** Task to complete **
Return the data exactly, apart from leaving out the pictures.

** Supplied information **
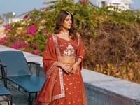 A graceful rust orange lehenga crafted in chocolate crush fabric, adorned with delicate thread & sequins embroidery. Paired with a matching blouse and dupatta, it’s perfect for festive and celebratory occasions.
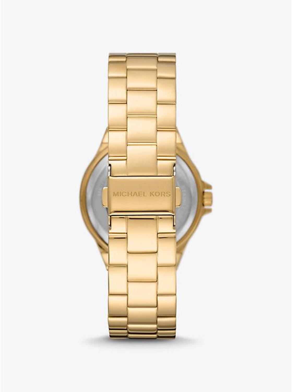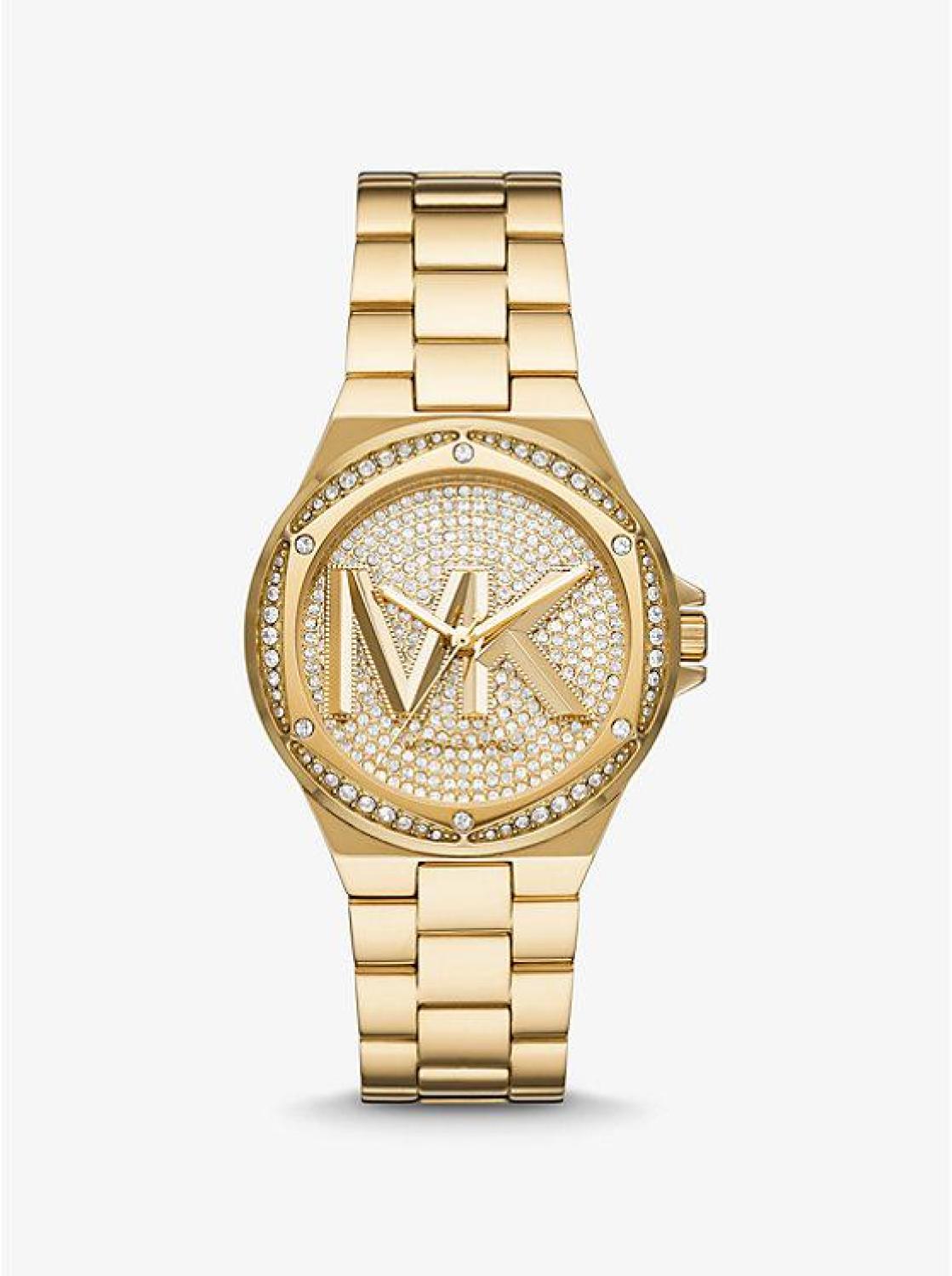 Your favorite Lennox watch gets updated with our “MK” initials for a novelty statement. It’s beautifully crafted from gold-tone stainless steel and encrusted with shimmering pavé accents for maximum impact. Consider it the perfect finishing touch to evening outfits. • Watch • Stainless steel • Gold-tone hardware • Logo and pavé topring • Mid-sized • 37mm case • Quartz/3-hand movement • Clasp fastening • Water resistant up to 5 ATM • 2-year warranty • Imported • Watch • Stainless steel • Gold-tone hardware • Logo and pavé topring • Mid-sized • 37mm case • Quartz/3-hand movement • Clasp fastening • Water resistant up to 5 ATM • 2-year warranty • Imported
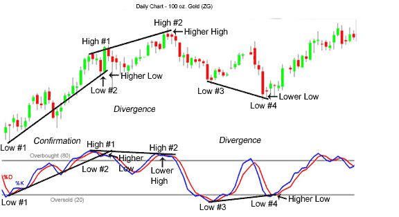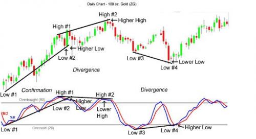 Example of both bearish and bullish divergence (Print this chart to remember both)

** Exercise solution **
 A graceful rust orange lehenga crafted in chocolate crush fabric, adorned with delicate thread & sequins embroidery. Paired with a matching blouse and dupatta, it’s perfect for festive and celebratory occasions.
 Your favorite Lennox watch gets updated with our “MK” initials for a novelty statement. It’s beautifully crafted from gold-tone stainless steel and encrusted with shimmering pavé accents for maximum impact. Consider it the perfect finishing touch to evening outfits. • Watch • Stainless steel • Gold-tone hardware • Logo and pavé topring • Mid-sized • 37mm case • Quartz/3-hand movement • Clasp fastening • Water resistant up to 5 ATM • 2-year warranty • Imported • Watch • Stainless steel • Gold-tone hardware • Logo and pavé topring • Mid-sized • 37mm case • Quartz/3-hand movement • Clasp fastening • Water resistant up to 5 ATM • 2-year warranty • Imported
 Example of both bearish and bullish divergence (Print this chart to remember both)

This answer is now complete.